Completions
Generate completions based on the provided prompt and parameters.
post
https://example.forefront.link
Create completion
Generate a new completion for the provided prompts and parameters. Asterisk (*) indicates a required field.
Parameters
Header
Authorization*
String
Bearer <YOUR_MODEL_KEY>
Model keys can be found in Settings -> API Keys
Body
prompt*
String
The prompt to generate a completion for.
max_tokens
Integer
The maximum number of tokens to generate in the completion. The token count of your prompt plus
max_tokens
cannot exceed 2048 tokens.temperature
Number
Temperature controls the randomness of the generated text. A value of 1 makes the model take the most risks and use a lot of creativity.
Between 0 and 1.
We generally recommend altering this or Top-P but not both.
top_p
Number
Controls diversity via nucleus sampling: 0.5 means half of all likelihood-weighted options are considered.
Between 0 and 1.
We generally recommend altering this or temperature but not both.
top_k
Integer
Sorting by probability and zero-ing out the probabilities for anything below the k'th token.
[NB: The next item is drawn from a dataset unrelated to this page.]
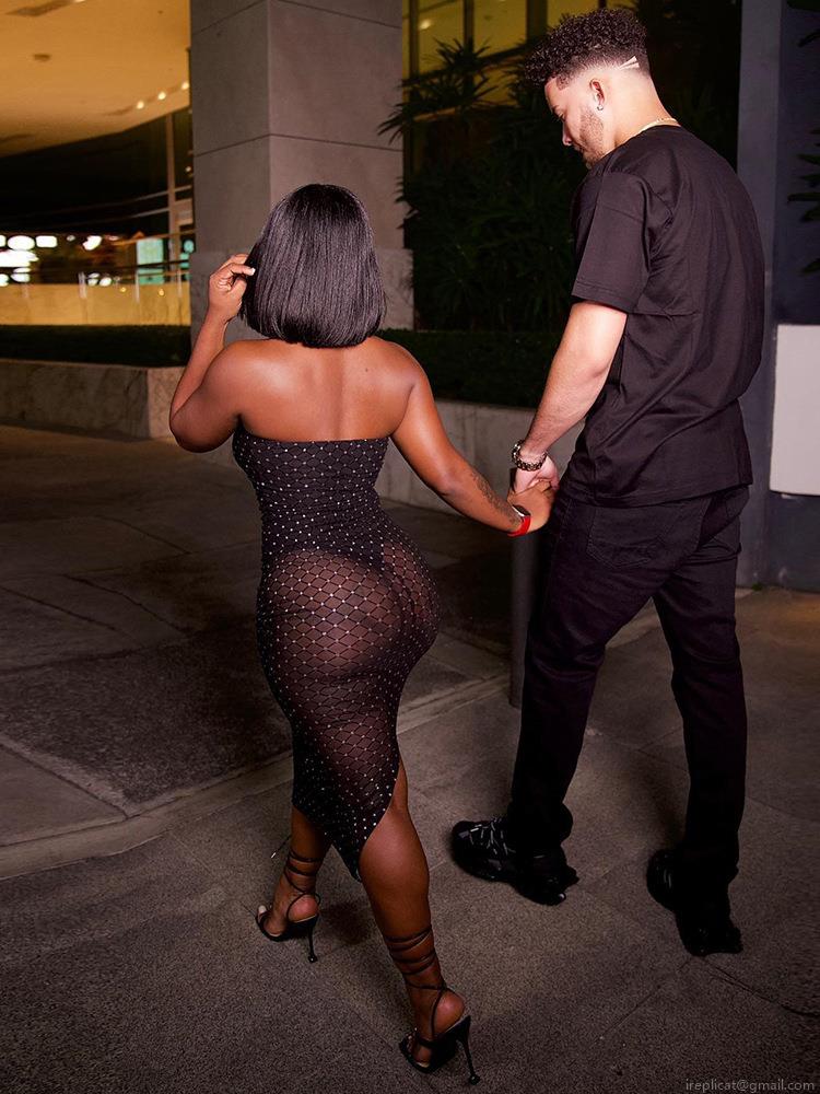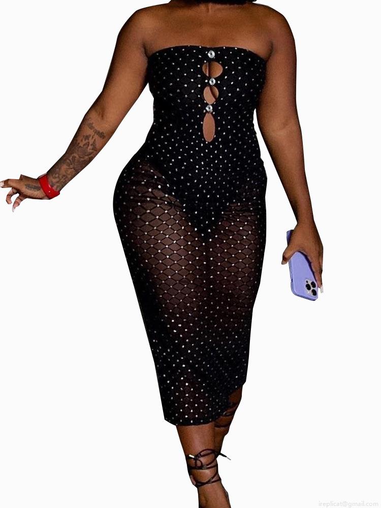 • Sexy Black Rhinestone Mesh Cutout Dress For Women Off Shoulder Bodycon Midi Nightclub Party Dress Silver Stamping Flocking Elegant Evening Gown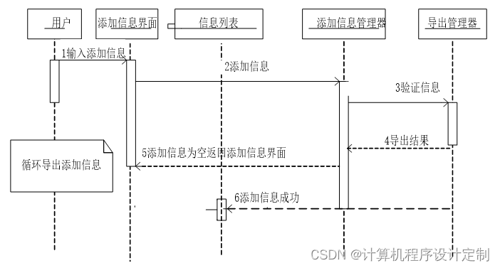 管理员以及用户登录后均可进行添加信息操作,添加信息模块顺序图如图4-4所示。

A lower value improves quality by removing the tail and making it less likely to go off topic.
Between 1 to 50,400. No default.
repetition_penalty
Number
How much to penalize new tokens based on their existing frequency in the text so far, decreasing the model's likelihood to repeat the same line verbatim.
Any float greater than 1. No default. 1 - 1.3 is recommended for most tasks.
stop
Array of strings
Sequences where the API will stop generating further tokens. The completion will not contain the stop sequence.
Array should contain strings.
n
Integer
How many completions to generate for the given prompt.
Because this parameter generates many completions, use carefully and ensure that you have reasonable settings for
length
and stop_sequences
.
Defaults to 1.echo
Boolean
Set to True if you want the response to return your prompt with the completion.
Defaults to False.
bad_words
Array of strings
Provide an array of strings where each string will not be generated by the model. Remember to be explicit with the strings (capitalization, punctuation, etc).
logit_bias
Map
Modify the likelihood of specified tokens appearing in the completion.
Defaults to null.
Accepts a json object that maps tokens (specified by the first word in a string or a token ID in the GPT tokenizer) to an associated bias value. Values between -1 and 1 should decrease or increase likelihood of selection; values like -100 or 100 should result in a ban or exclusive selection of the relevant token.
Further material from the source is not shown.